Apparently, there is a semantic difference between the above use of the LAG function and FIRST_VALUE with a frame that starts with 2 PRECEDING. With the former, if a row doesn’t exist in the desired offset, you get a NULL by default. With the latter, you still get the value from the first row that is present, i.e., the value from the first row in the partition. Consider the following query:
SELECT custid, orderdate, orderid, val,
FIRST_VALUE(val) OVER( PARTITION BY custid
ORDER BY orderdate, orderid
ROWS BETWEEN 2 PRECEDING AND CURRENT ROW ) AS prevtwoval
FROM Sales.OrderValues
ORDER BY custid, orderdate, orderid;
This query generates the following output:
custid orderdate orderid val prevtwoval ------- ---------- -------- ---------- ----------- 1 2018-08-25 10643 814.50 814.50 1 2018-10-03 10692 878.00 814.50 1 2018-10-13 10702 330.00 814.50 1 2019-01-15 10835 845.80 878.00 1 2019-03-16 10952 471.20 330.00 1 2019-04-09 11011 933.50 845.80 2 2017-09-18 10308 88.80 88.80 2 2018-08-08 10625 479.75 88.80 2 2018-11-28 10759 320.00 88.80 2 2019-03-04 10926 514.40 479.75 3 2017-11-27 10365 403.20 403.20 3 2018-04-15 10507 749.06 403.20 3 2018-05-13 10535 1940.85 403.20 3 2018-06-19 10573 2082.00 749.06 3 2018-09-22 10677 813.37 1940.85 3 2018-09-25 10682 375.50 2082.00 3 2019-01-28 10856 660.00 813.37 ...

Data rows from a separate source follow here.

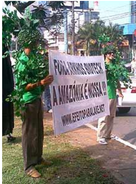
Ilustração 4: Personagens manifestantes durante a vinda de Bush ao Brasil, em 2007

Há o tempo diegético e o tempo ordinário, nos Alternate Reality Games. Contudo, como a narrativa se desenvolve no tempo e no espaço ordinários dos jogadores, o jogo deve se pautar a partir destes elementos, provocando uma fusão entre estes elementos ficcionais e reais. A vinda de Bush ao Brasil, ou a viralização de um vídeo ficcional cuja estética do real ultrapassou as fronteiras do fictício, o que levou muitos a acreditarem na veracidade da empresa, são elementos do tempo ordinário, do tempo casual que acontece no cotidiano. Ao serem apropriados como tempo diegético, equiparando-os como de uma mesma ordem, há uma permeabilidade das fronteiras que deveriam ser mais claras sobre o que é real e o que é ficcional. Ainda que os jogadores tenham isso bem definido em seu modus operandi , um não jogador, ao se encontrar com essas fusões temporais e espaciais, pode instaurar sua dúvida. Já os Treasure Hunts , por exemplo, permitem que a temporalidade diegética, mesmo que diferente da temporalidade cotidiana coincida e ou se distancie dependendo da proposta do jogo, contudo, estando a primeira sempre imbricada com a outra.
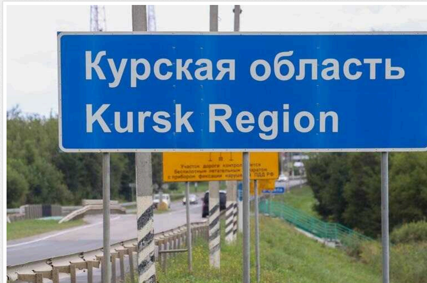
ЦРУ: Путін планує контрнаступ на Курську область

Заступник ЦРУ Девід Коен зазначив, що Путіну доведеться визнати існування лінії фронту на його території та зіткнутись з громадською думкою щодо втрати частини території.
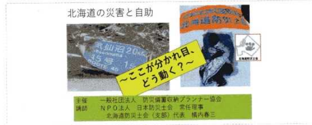
「自給のために…」防災備蓄収納講演(4/21)
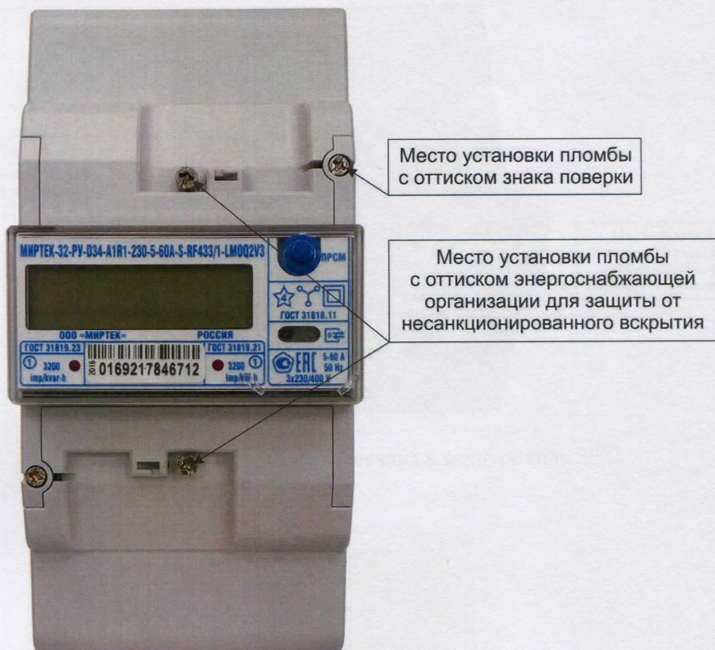
Рисунок 6 - Общий вид счетчика в корпусе типа D34
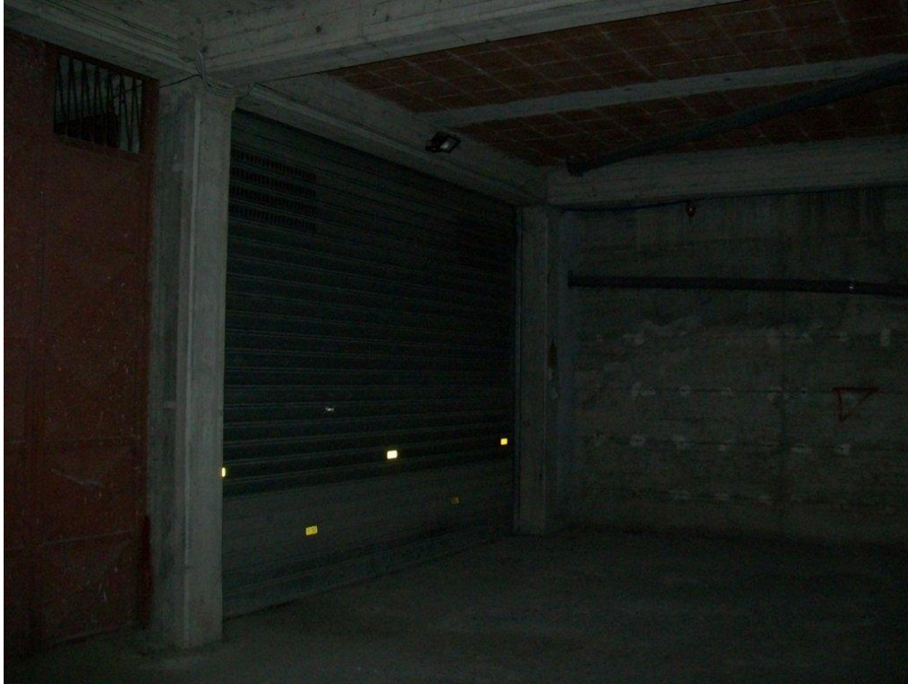
Foto n.4 Vista della saracinesca di ingresso al vano garage.
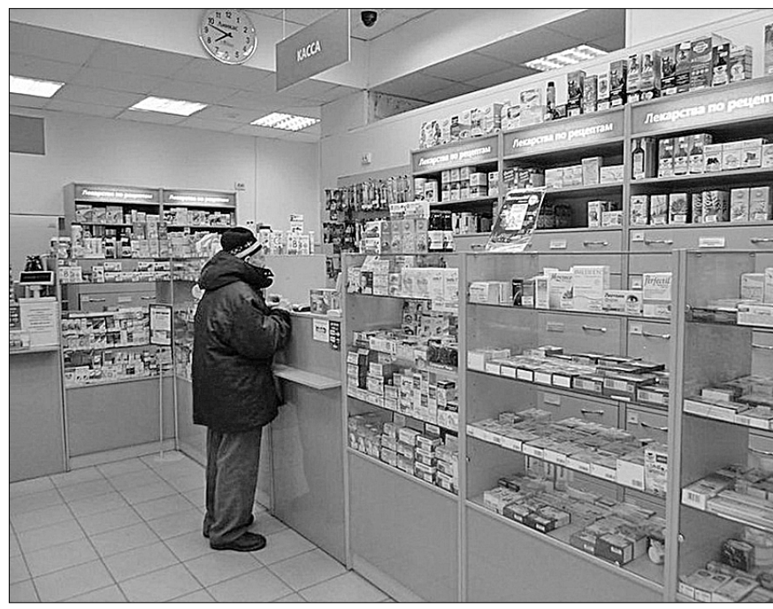
рассказывать сказки про «социальное государство».

Налицо критическая зависимость. Но кого это волнует, если каждый чиновник, от муниципального до федерального, озабочен лишь тем, чтобы, пока он при должности, набить свои карманы бюджетными деньгами так, дабы обеспечить себя, своих детей и внуков, а потом, как они говорят, «свалить из раишки» за кордон. Проверьте семью любого чиновника на расходы — они будут значительно превышать их официальные зарплаты. В нынешней России есть баре, есть холопы. А народу продолжают
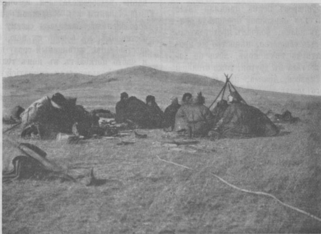
Экспедиція въ Монголію, на приездѣ (къ корр. «Омскъ»).
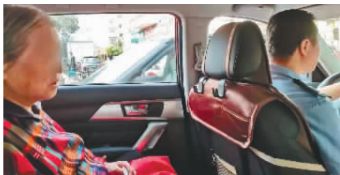
志愿者送老人回家。

了解情况后,周健找来两位志愿者,3人小心护送老人来到新志社区所辖小区,一栋楼一栋楼的排查,终于找到老人的女儿家。
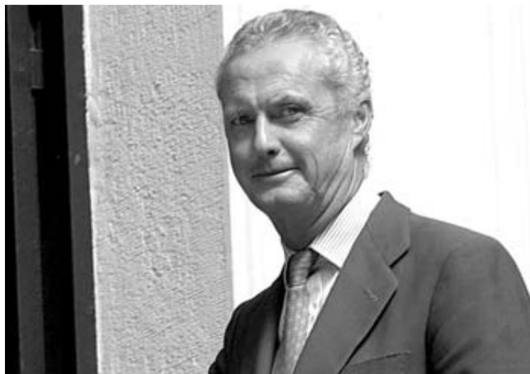
Pedro Morenés Eulate, nuevo titular de Defensa.

Durante esta etapa protagonizó dos hitos: la costosa profesionalización de las Fuerzas Armadas y la supresión del servicio militar obligatorio, la popular 'mili'. Con-
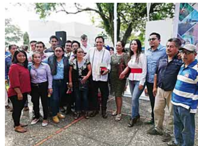
► Si el IEEPCO no valida las actas, aseguran que se pronunciarán por una nueva elección.
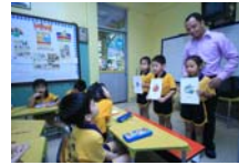
หลักสูตร Easy English
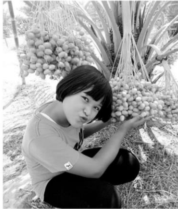
อินทผลัม

ทั้งนี้สำนักงานเศรษฐกิจการเกษตร ระบุว่ามีการส่งเสริมพืชอาหารอนาคต (Future Crops/ Food) ซึ่งเป็นพืชเศรษฐกิจใหม่เพื่อยกระดับมูลค่าสินค้าเกษตรให้สูงขึ้น อาทิ 1. สินค้าเกษตรที่มีศักยภาพทางการตลาดในอนาคต อาทิ กาแฟ โกโก้ แมคคาเดเมีย ฟิก (Fig) และ
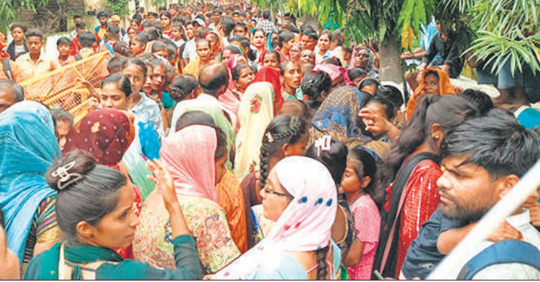
गौरीशंकर मंदिर के बाहर सड़क तक लगी श्रद्धालुओं की भीड़।
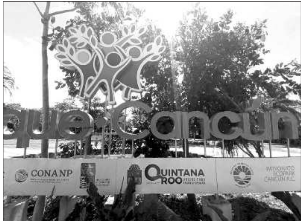
▲ Como parte de la ruta Top 5 se inauguró el Museo de los Desechos no Desechos, el paseo de México desconocido y el área de parkour, que se suma a los 15 jardines ya existentes en el Parque Cancún.

Actualmente suman 150 mil visitantes, que de mo-

Observe that this time that are no NULLs in the output. So there is some value in supporting a frame with FIRST_VALUE and LAST_VALUE. Just make sure that you remember the best practice to always be explicit about the frame specification with these functions, and to use the ROWS option with the minimal frame that contains the row that you’re after.
Conclusion
This article focused on bugs, pitfalls and best practices related to window functions. Remember that both window aggregate functions and the FIRST_VALUE and LAST_VALUE window offset functions support a frame, and that if you specify the window order clause but you don’t specify the window frame unit and its associated extent, you’re getting RANGE UNBOUNDED PRECEDING by default. This incurs a performance penalty when the query gets optimized with row-mode operators. With the LAST_VALUE function this results in getting the values from the current row instead of the last row in the partition. Remember to be explicit about the frame and to generally prefer the ROWS option to RANGE. It’s great to see the performance improvements with the batch-mode Window Aggregate operator. When it’s applicable, at least the performance pitfall is eliminated.